On the contrary, it insists, "Everyone agrees. It's about to explode" (p. 9). "The feeling of imminent collapse is everywhere so strong these days..." (p. 105). Actually, everyone does not agree. Those who do are at least as likely to be for the far-right as for the far-left. Which is why Glen Beck promotes this book. However, in "TCI" there is no discussion of the dangers of the far-right, not to speak of out-and-out fascism. The closest it gets is "...we expect a surge of police work being done by the population itself - everything from snitching to occasional participation in citizens' militias" (p. 115). But this is immediately followed by a discussion of police infiltration and provocation; the danger of attacks by armed right-wing "citizen militias" is dropped.

The crisis of our society will lead (is leading) to a decline in the moderate political middle and the growth of the extremes. In the U.S., conservative Republicans speak of the need for "Second Amendment remedies" if they cannot take power through elections. Posing as heirs to the U.S. Revolution, they speak of the possible need to violently overthrow bourgeois democracy, as the "founding fathers" overthrew the British monarchy.

To counter this, libertarian-socialist revolutionaries need to participate in large popular organizations such as unions and community groups. We need to organize ourselves, as part of the process of popular self-organization. Instead of mass, democratic, self-organization, "TCI" advocates "...a diffuse, effective, guerrilla war that restores us to our ungovernability, our primordial unruliness....This same lack of discipline figures so prominently among the recognized military virtues of resistence fighters" (pp. 110-111). The members of the Invisible Committee would do well to read accounts of Makhno's anarchist guerrilla army in 1918 Ukraine, or Durruti's anarchist milita column during the Spanish revolution, or any other account of guerilla warfare or underground resistance, before spreading such idiocy. There is no revolutionary process without democratic self-discipline and self-organization.

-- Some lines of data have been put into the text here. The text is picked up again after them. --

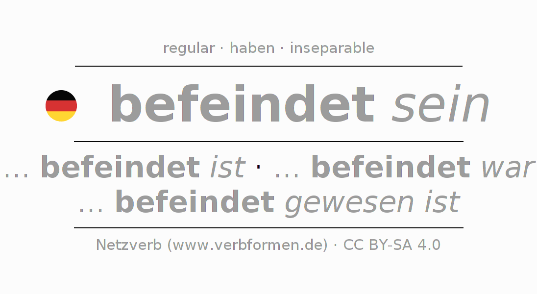 - Future: ... ich befeindet sein werde, ... du befeindet sein wirst, ... er befeindet sein wird, ... wir befeindet sein werden, ... ihr befeindet sein werdet, ... sie befeindet sein werden
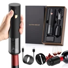 Luxrious 4 in 1 Gift Set: Are you still worried about the troublesome wine bottle opening operation at the candlelight dinner? Try this wine set,which includes an automatic wine opener, a wine aerator&pourer, a foil cutter and a vacuum stopper. It’s perfect for any occasion such as Mother's Day, Father's Day, birthdays, anniversaries, weddings, Christmas, Valentine’s day, retirement or housewarming. Fast and Efficient: Open bottles in seconds! Foil cutter can easily remove the bottle seal. Just press the button once, and the cork can be removed in 6 seconds. It can automatically turn over and exit the cork. The wine opener equipped with USB charging cable, super fast charging for 90 seconds, you can open 2-4 bottles! One full charge can open up 70 bottles! Enjoy the freedom to use it anywhere, whether at home or on the go. Perfect Wine Accessory: The wine pourer can make the red wine and oxygen full contact, quickly wake up the wine. The reusable wine vacuum stopper can preserve the wine's flavor for several days, and numbers/dates on top which can record the time you last opened the bottle. 100% seal anti-leakage! The perfect solution for your home,party or bar. Elegant & Fashionable Design: Compact size for easily put into a travel bag. Made of black frosted material, the surface is smooth, comfortable and easy to hold, and the unique and fashionable function buttons will catch your eyes. Come with exquisite gift box, it is a good choice to take it as a gift for wine lovers. 100% Quality Assurance: Wine Opener is come with FCC, CE, RoHS certification, which is more secure in quality compared to others. If you have any questions or suggestions, please feel free to contact us. Our professional customer service team will solve your problem within 24 hours.
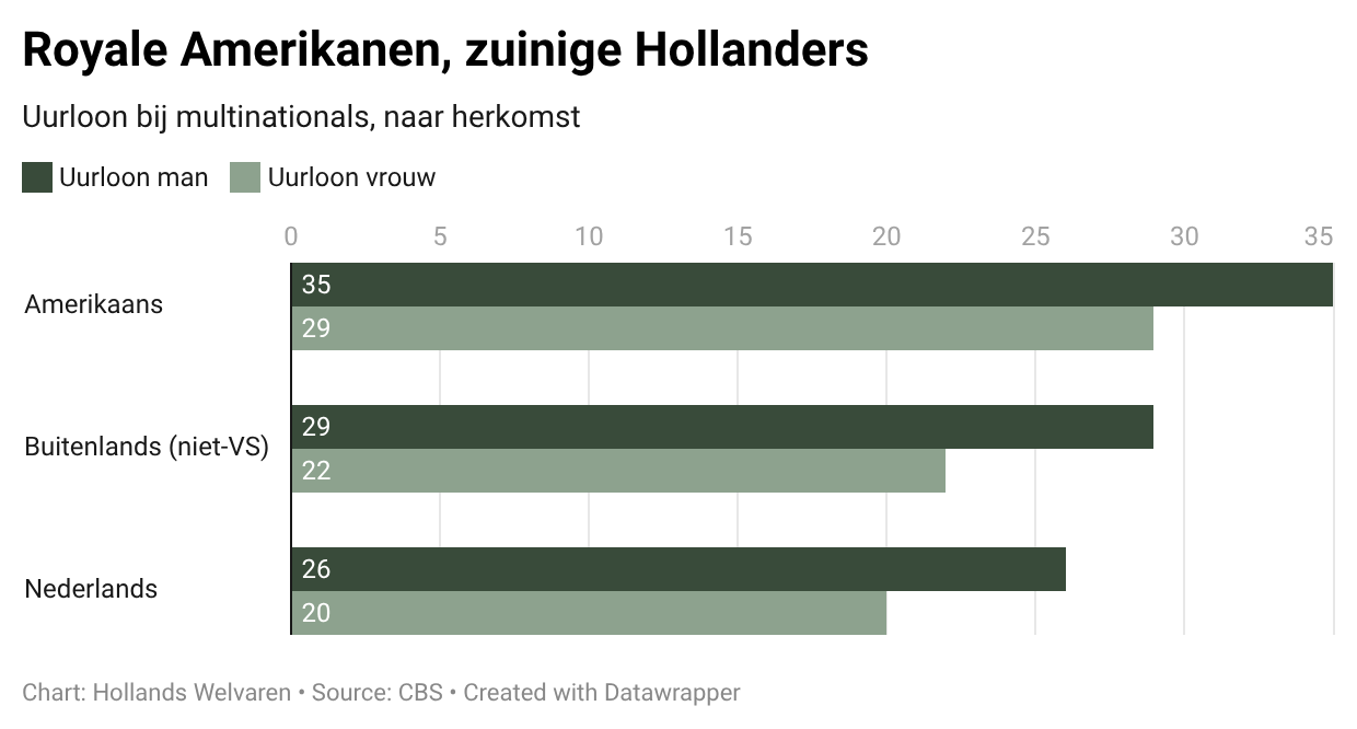 Én ze betalen ook nog eens beter. Medewerkers verdienen per uur 9 euro meer dan bij een Amerikaanse dan bij een Nederlandse multinational, berekende het CBS. Niet omdat Amerikanen zoveel socialer zijn, maar omdat er simpelweg veel meer geld wordt verdiend bij Amerikaanse bedrijven. In de loop der jaren hebben diverse Amerikaanse tech-bedrijven ervoor gekozen om hun Europese hoofdkantoor in Nederland te vestigen, vaak in Amsterdam. Denk aan Uber, Netflix en Tesla. Het voordeel: als zo'n bedrijf snel groeit, groeit Nederland vrijwel automatisch mee.
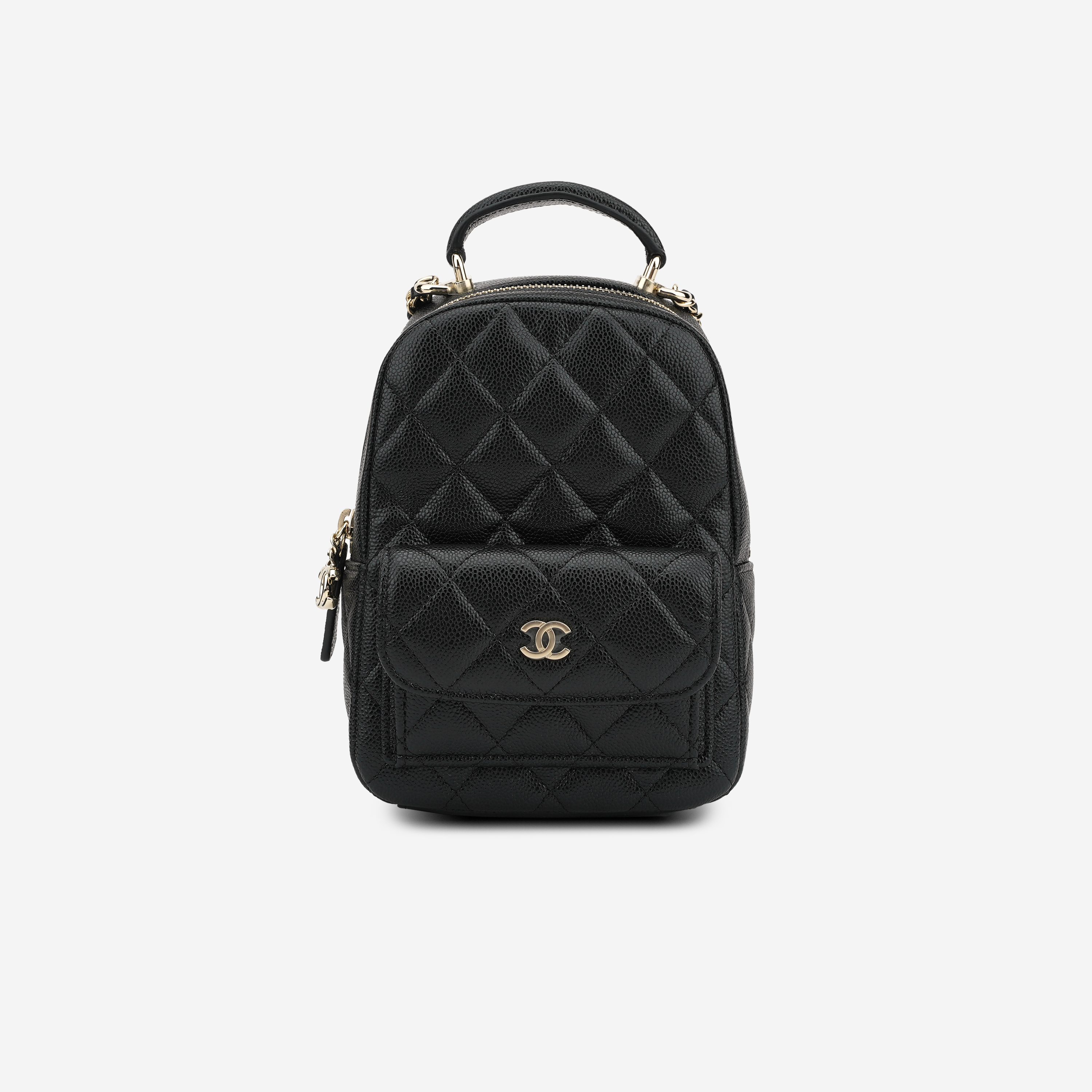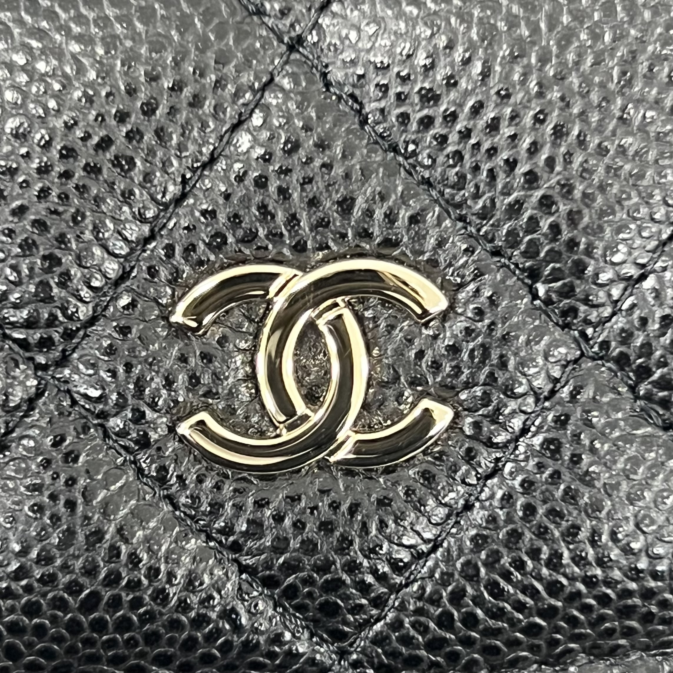Chanel Classic Phone Holder Clutch with Chain Grained Shiny Calfskin & Gold Black
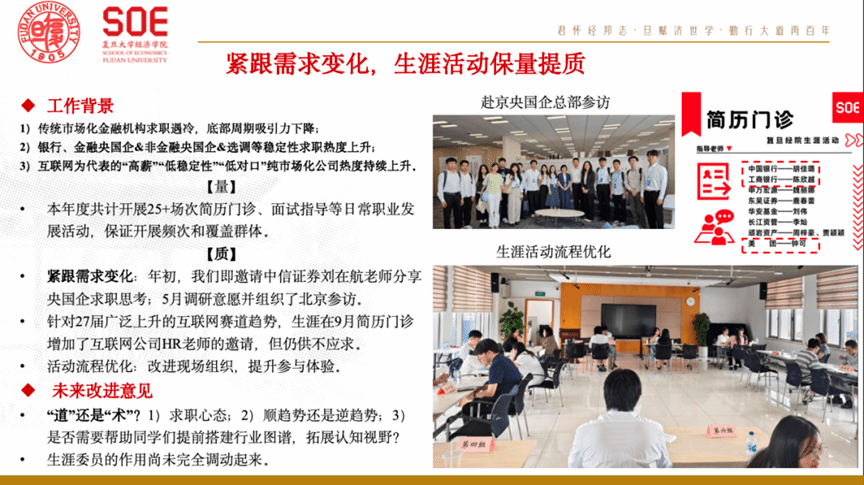 紧扣就业需求,推动生涯服务保量提质。年度开展简历门诊、面试指导等活动25场以上;通过邀请行业嘉宾、组织企业参访、对接优质HR资源等方式,拓展学生职业视野与求职渠道,并持续优化活动流程与参与体验。
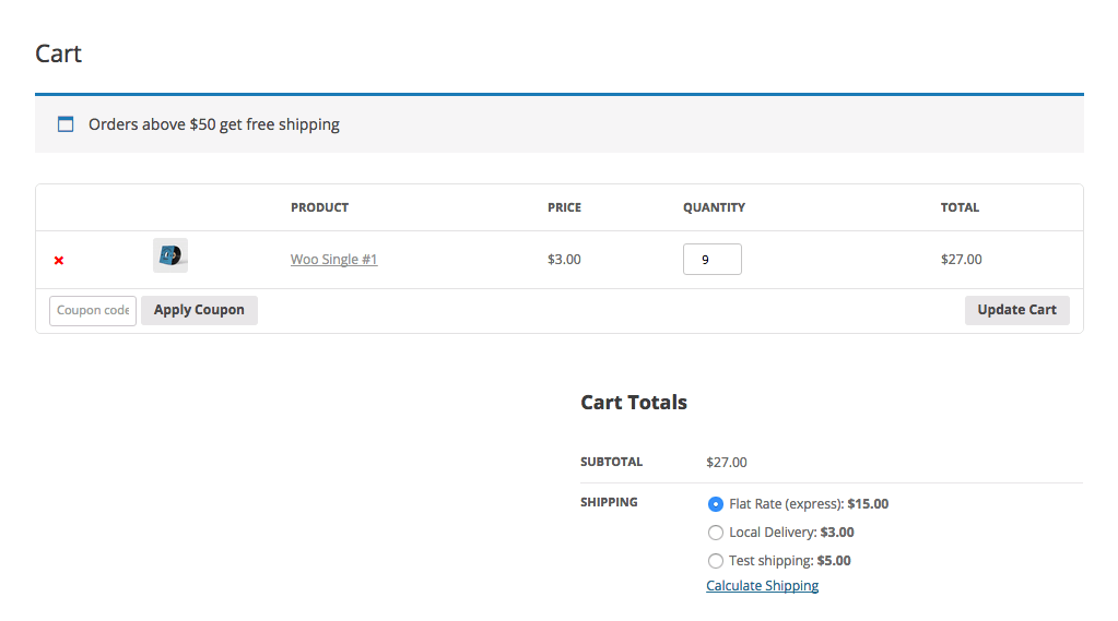 Most customers will buy an extra item to get past the $50 threshold just to save a couple bucks on shipping. Even if the store has a graphic explaining the Free Shipping threshold, an additional notification is a great idea!
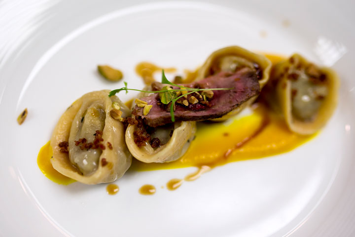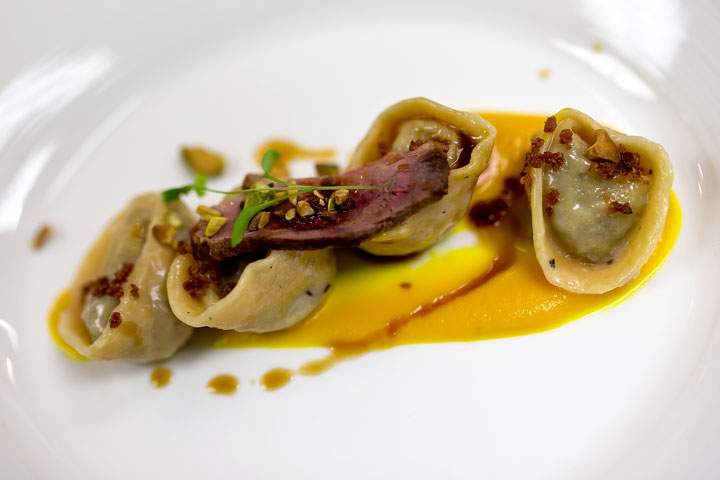 ravioli de pato con crema de calabaza y prosciutto.
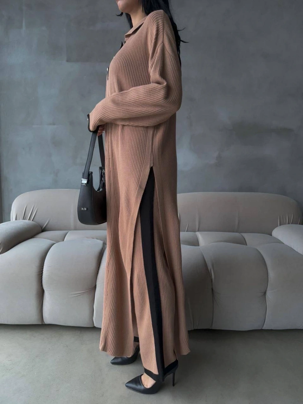 • Pantolon yırtmaçlı elbise ikili triko takım vizon elf

What Does the IC Think is to be Done?

As opposed to what it is against, what does "The Coming Insurrection" advocate positively? It rejects organization, but says, "We have to get organized" (p. 95). This will supposedly be done through "communes." "Communes" are an expanded version of what has traditionally been called "affinity groups" or "collectives." "Communes come into being when people find each other, get on with each other, and decide on a common path...." (p. 101). Communes will grow everywhere and take over everything. "In every factory, every street, every village, every school...a multiplicity of communes...will displace the institutions of society: family, school, union, sports club, etc." (pp. 101-102). Communes will stay in touch with each other (I can hardly say "coordinate themselves") by traveling members. To "TCI," the revolution essentially is the spread and integration of communes. "An insurrectional surge may be nothing more than a multiplication of communes..." (p. 111).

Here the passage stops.